** Opening DATA BELOW block **

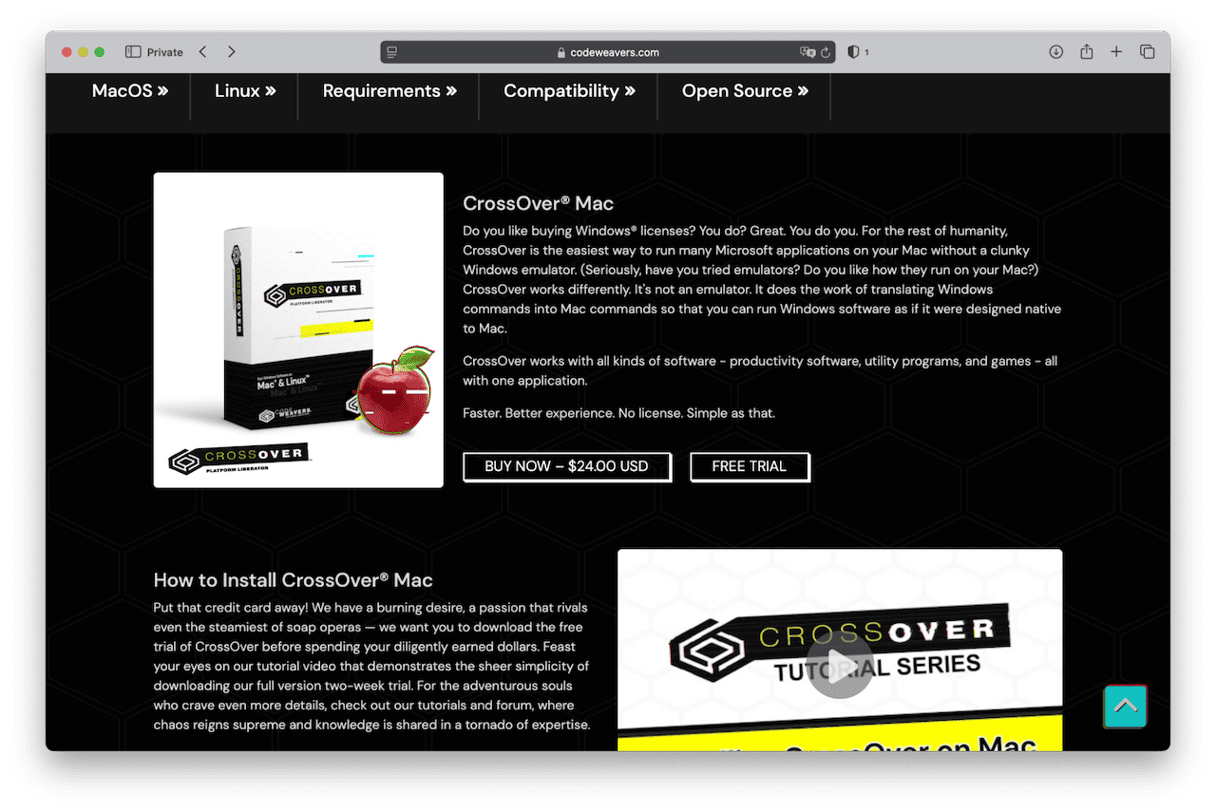 他の2つの方法は、Appleシリコンを使用してMacで動作します。これらのメソッドの最初のものは、互換性レイヤーを使用します。理論的には、いくつかのワインベースの互換性レイヤーのいずれかを使用できますが、使用するのが最も簡単なので、クロスオーバーを使用してそれを行う方法を示します。
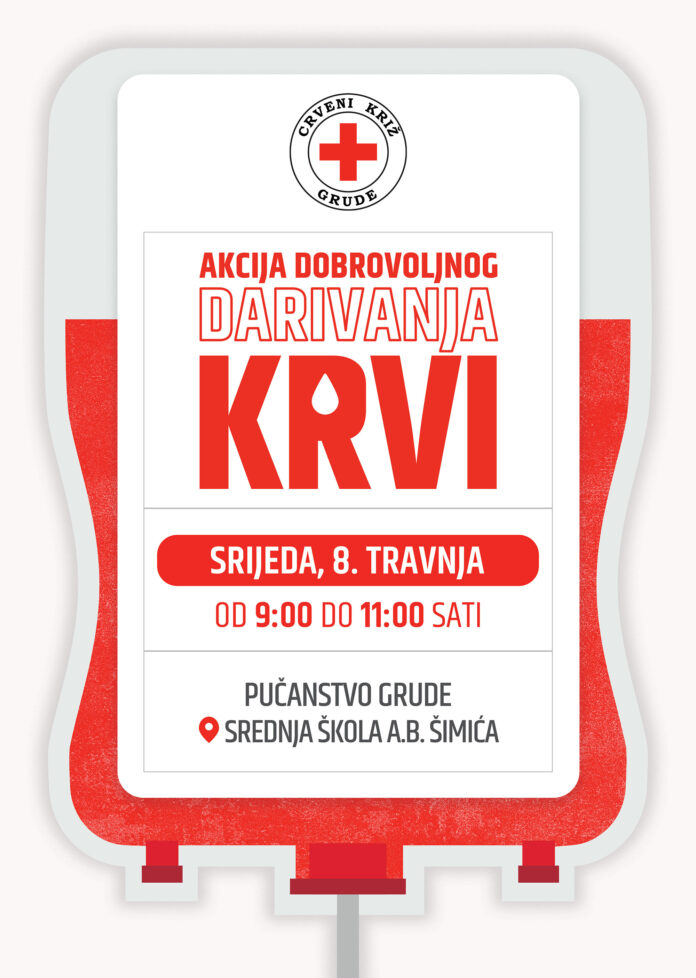 Akciju organizira Crveni križ Grude u suradnji s Transfuzijskim centrom Sveučilišne kliničke bolnice Mostar.
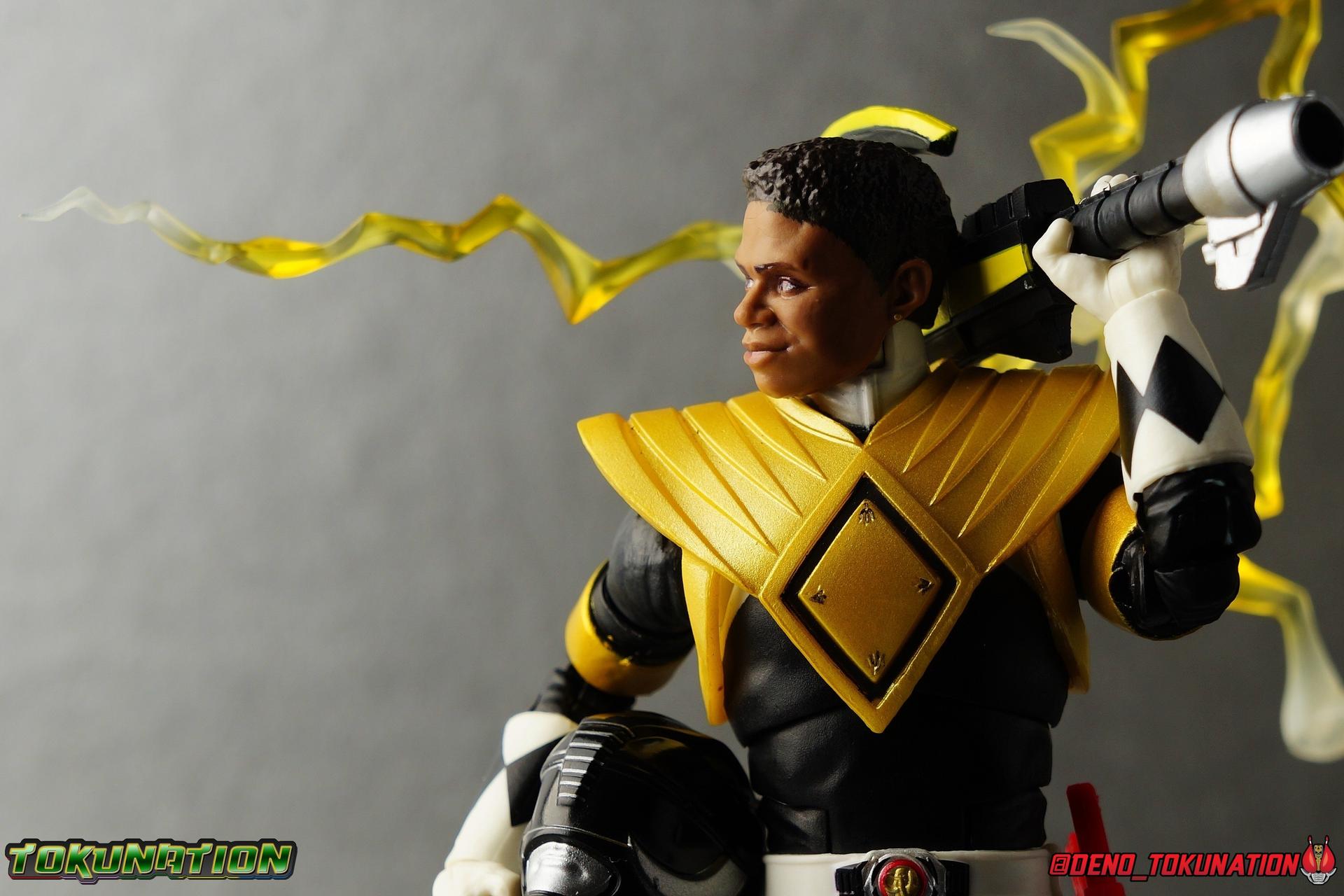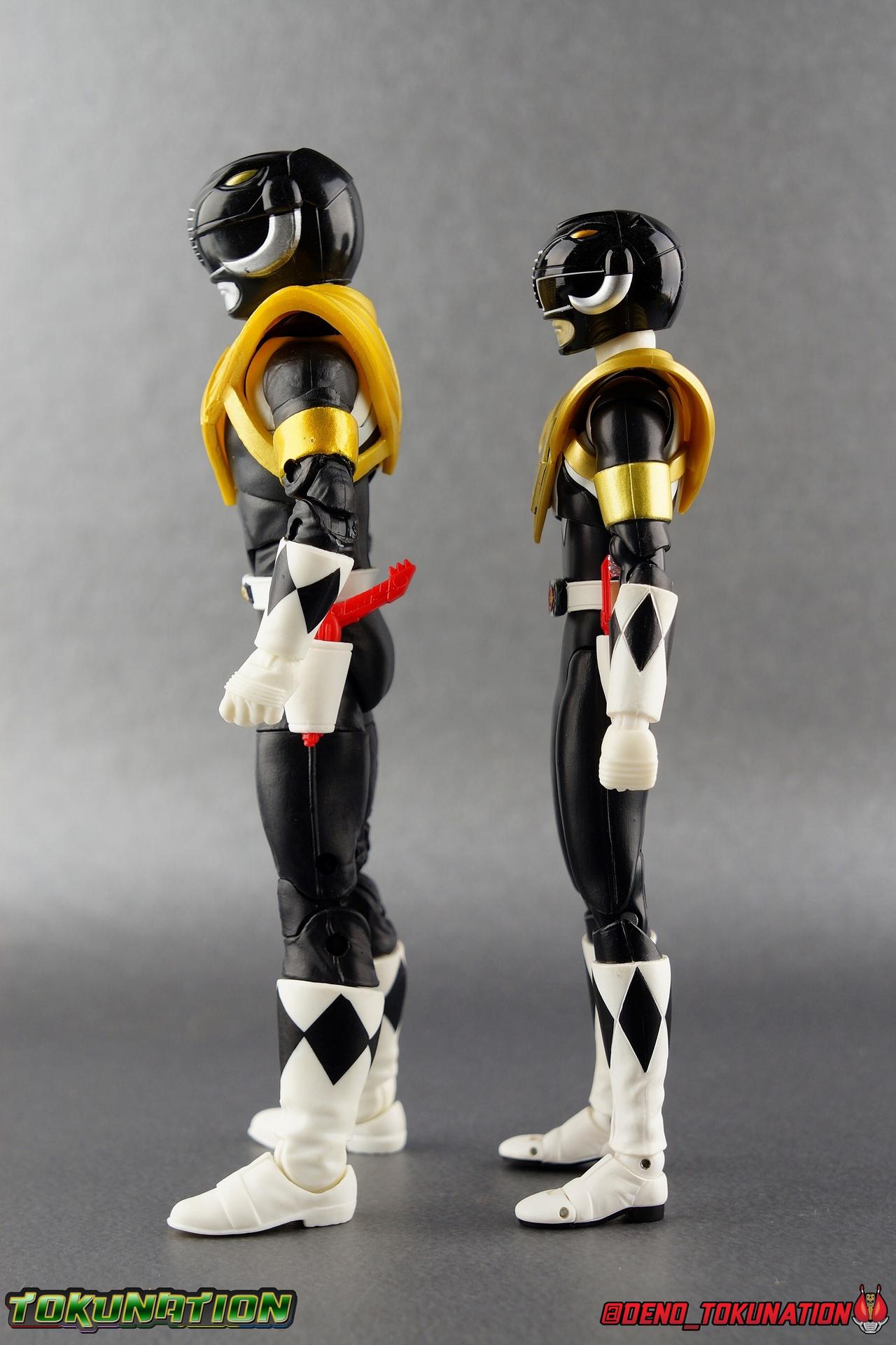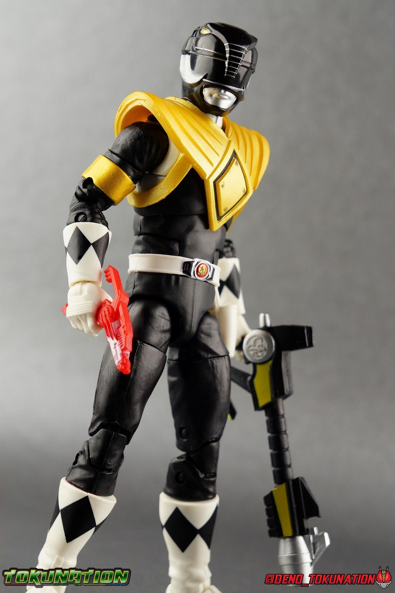 Set to impress Angela with a pair of pearl earrings for their big date, Zack has no idea that Rita Repulsa has tricked him taking the Pearls of Stillness! Spellbound to freeze everyone as soon as they're worn, the Power Rangers as well as Zack's date are stuck. Now it's up to Zack & Tommy to face off against the Oysterizer on their own. And in a moment of need, the Green Ranger's mighty shield can be passed to another. Wielding the Dragon Shield himself, the Black Ranger takes on the Oysterizer! You may recall (though it's been some years) that this form was the basis of an SDCC 2014 S.H. Figuarts exclusive, which I also reviewed way back when. 5 years later and we're getting a brand new take on it with the Lightning Collection figure. Just as a refresher, the Dragon Shield Black Ranger (5 years ago known as the Armored Black Ranger) originates from the "Zyu2" era of newly commissioned footage which Saban ordered from Toei to flesh out the end of MMPR season 1. So this interesting form is exclusive to American aired footage and believe it or not, this unique power up is featured in less than 1 minute of actual screen time. That's it! But it was often something fans wanted to see as an action figure for years prior to the release of the Figuart. Now we have a newer and cheaper alternative with the Lightning Collection figure as well. Packaging As we are all pretty familiar with the line by now, I'm sure I probably don't need to go through my usual list of reasons why it's awesome. Hasbro was keen to make sure these appealed to collectors and fans of the franchise from throughout it's various eras. And they also really pop thanks in no small part to some wonderful box art, lovingly crafted by artist Tom Whalen aka @strongstufftom on twitter. His artwork is breathtaking, and makes these figure's feel like just a bit more of a passion project from the folks at Hasbro. The Black Ranger's profile artwork takes up a majority of the packaging, while the back of the box is relegated to a single stock photo of the figure. Like Goldar and the recently released Psycho Blue Ranger, this release features features a non-standard color palette for the box. Rather than the predominantly white boxes of the mainline, this retailer exclusive is in a primarily black box. Main Figure While Zack's shielded form has previously been known as the Armored Black Ranger, (see the SDCC '14 exclusive) "Dragon Shield" seems to be the way Hasbro is deciding to name any other MMPR Ranger in the Green Ranger equipment now. For the purposes of this review I'm referring to him by the given Hasbro name, Dragon Shield Black Ranger. By now this mold has seen a few releases. First with the SDCC Dragon Shield Red Ranger, then again with the Fighting Spirit Green Ranger. So if you've handled either of those, you're in for an identical experience here. Black Ranger of course has all the same solid standard articulation as the other uses of the mold. Full rotating rocker ankles as well as a clicking swivel joint for them to go back and forth give us a solid start. Above this is a shin swivel as well at the boot cuff, allowing you to rotate that portion of the leg 360 degrees below the knee if you wish. Then we get a very playful double jointed knee which allows you to fully bend the leg back in on itself. This is already great but there's a (tight) 360 thigh swivel as well as full hips with back/forth and outward motion. Going backward you will impact that good old sculpted butt plate again. But it far from kills the articulation. All of these cuts are executed in the traditional Marvel Legends/Star Wars Black/Lightning Collection Hasbro styling, doing their best to not be obtrusive to the character's design. I will say that this go around with the mold I noticed a lot more play in the lower body joints. The hips in particular are a bit loosey goosey so to speak. Around Zack's waist is the ever iconic Power Morpher and belt. In this instance the Morpher is properly silver unlike the Green Ranger's gold one, and a new Mammoth coin is sculpted into it. On his left hip is a holster meant for the included Blade Blaster. However, where the SDCC Red Ranger releases included the smaller holstered version of Blade Blaster's dagger mode, Dragon Shield Black includes only the Blaster Mode. While it still fits into the holster just fine, it doesn't look quite right to see the back of the blaster mode sticking out from the hip like this. It's a strange omission to be sure, though one I'm certain may be in part due to cost concerns as well. Like his mold mates, the Dragon Shield Black Ranger has a pretty big but flexible piece of chest armor, the Dragon Shield. Thankfully the soft rubbery type of material used for the chest shields in this line is rigid enough to hold shape properly, but also flexible enough to allow mostly free movement of the upper body. I'd like to mention that I'm glad Hasbro didn't skimp on the white diamonds under the armor either. It's a superfluous detail, but one I appreciate. The lower torso has the same satisfying ratchet ab joint I've come to appreciate from the line as well, and the ball jointed upper body. The combination of the two gives you quite a bit to work with when posing. The arms hit the sweet spot with that classic butterfly style shoulder joint. As you angle the shoulder back, the armor slides out to fill the gap and vice versa. There's a full 360 rotating bicep swivel, double jointed elbows, and the same peg style hands as the rest of the line. Honestly if nothing else the arms have been generally phenomenal on all the Lightning figures. Making a great compromise of form and function. The Black Ranger's head round's out the figure. Nice and proportionate to the body, it's thankfully unobstructed by the shield armor. And owing to a standard ball jointed neck we get full rotation and plenty of back and forth with this one as well as an easy time of changing out for civilian heads across the line. Perhaps

** Closing DATA BELOW block **

YOUR OBJECTIVE.
Images in the data above are to be skipped. Retype all other material exactly.

ANSWER TO THIS EXERCISE.
 他の2つの方法は、Appleシリコンを使用してMacで動作します。これらのメソッドの最初のものは、互換性レイヤーを使用します。理論的には、いくつかのワインベースの互換性レイヤーのいずれかを使用できますが、使用するのが最も簡単なので、クロスオーバーを使用してそれを行う方法を示します。
 Akciju organizira Crveni križ Grude u suradnji s Transfuzijskim centrom Sveučilišne kliničke bolnice Mostar.
 Set to impress Angela with a pair of pearl earrings for their big date, Zack has no idea that Rita Repulsa has tricked him taking the Pearls of Stillness! Spellbound to freeze everyone as soon as they're worn, the Power Rangers as well as Zack's date are stuck. Now it's up to Zack & Tommy to face off against the Oysterizer on their own. And in a moment of need, the Green Ranger's mighty shield can be passed to another. Wielding the Dragon Shield himself, the Black Ranger takes on the Oysterizer! You may recall (though it's been some years) that this form was the basis of an SDCC 2014 S.H. Figuarts exclusive, which I also reviewed way back when. 5 years later and we're getting a brand new take on it with the Lightning Collection figure. Just as a refresher, the Dragon Shield Black Ranger (5 years ago known as the Armored Black Ranger) originates from the "Zyu2" era of newly commissioned footage which Saban ordered from Toei to flesh out the end of MMPR season 1. So this interesting form is exclusive to American aired footage and believe it or not, this unique power up is featured in less than 1 minute of actual screen time. That's it! But it was often something fans wanted to see as an action figure for years prior to the release of the Figuart. Now we have a newer and cheaper alternative with the Lightning Collection figure as well. Packaging As we are all pretty familiar with the line by now, I'm sure I probably don't need to go through my usual list of reasons why it's awesome. Hasbro was keen to make sure these appealed to collectors and fans of the franchise from throughout it's various eras. And they also really pop thanks in no small part to some wonderful box art, lovingly crafted by artist Tom Whalen aka @strongstufftom on twitter. His artwork is breathtaking, and makes these figure's feel like just a bit more of a passion project from the folks at Hasbro. The Black Ranger's profile artwork takes up a majority of the packaging, while the back of the box is relegated to a single stock photo of the figure. Like Goldar and the recently released Psycho Blue Ranger, this release features features a non-standard color palette for the box. Rather than the predominantly white boxes of the mainline, this retailer exclusive is in a primarily black box. Main Figure While Zack's shielded form has previously been known as the Armored Black Ranger, (see the SDCC '14 exclusive) "Dragon Shield" seems to be the way Hasbro is deciding to name any other MMPR Ranger in the Green Ranger equipment now. For the purposes of this review I'm referring to him by the given Hasbro name, Dragon Shield Black Ranger. By now this mold has seen a few releases. First with the SDCC Dragon Shield Red Ranger, then again with the Fighting Spirit Green Ranger. So if you've handled either of those, you're in for an identical experience here. Black Ranger of course has all the same solid standard articulation as the other uses of the mold. Full rotating rocker ankles as well as a clicking swivel joint for them to go back and forth give us a solid start. Above this is a shin swivel as well at the boot cuff, allowing you to rotate that portion of the leg 360 degrees below the knee if you wish. Then we get a very playful double jointed knee which allows you to fully bend the leg back in on itself. This is already great but there's a (tight) 360 thigh swivel as well as full hips with back/forth and outward motion. Going backward you will impact that good old sculpted butt plate again. But it far from kills the articulation. All of these cuts are executed in the traditional Marvel Legends/Star Wars Black/Lightning Collection Hasbro styling, doing their best to not be obtrusive to the character's design. I will say that this go around with the mold I noticed a lot more play in the lower body joints. The hips in particular are a bit loosey goosey so to speak. Around Zack's waist is the ever iconic Power Morpher and belt. In this instance the Morpher is properly silver unlike the Green Ranger's gold one, and a new Mammoth coin is sculpted into it. On his left hip is a holster meant for the included Blade Blaster. However, where the SDCC Red Ranger releases included the smaller holstered version of Blade Blaster's dagger mode, Dragon Shield Black includes only the Blaster Mode. While it still fits into the holster just fine, it doesn't look quite right to see the back of the blaster mode sticking out from the hip like this. It's a strange omission to be sure, though one I'm certain may be in part due to cost concerns as well. Like his mold mates, the Dragon Shield Black Ranger has a pretty big but flexible piece of chest armor, the Dragon Shield. Thankfully the soft rubbery type of material used for the chest shields in this line is rigid enough to hold shape properly, but also flexible enough to allow mostly free movement of the upper body. I'd like to mention that I'm glad Hasbro didn't skimp on the white diamonds under the armor either. It's a superfluous detail, but one I appreciate. The lower torso has the same satisfying ratchet ab joint I've come to appreciate from the line as well, and the ball jointed upper body. The combination of the two gives you quite a bit to work with when posing. The arms hit the sweet spot with that classic butterfly style shoulder joint. As you angle the shoulder back, the armor slides out to fill the gap and vice versa. There's a full 360 rotating bicep swivel, double jointed elbows, and the same peg style hands as the rest of the line. Honestly if nothing else the arms have been generally phenomenal on all the Lightning figures. Making a great compromise of form and function. The Black Ranger's head round's out the figure. Nice and proportionate to the body, it's thankfully unobstructed by the shield armor. And owing to a standard ball jointed neck we get full rotation and plenty of back and forth with this one as well as an easy time of changing out for civilian heads across the line. Perhaps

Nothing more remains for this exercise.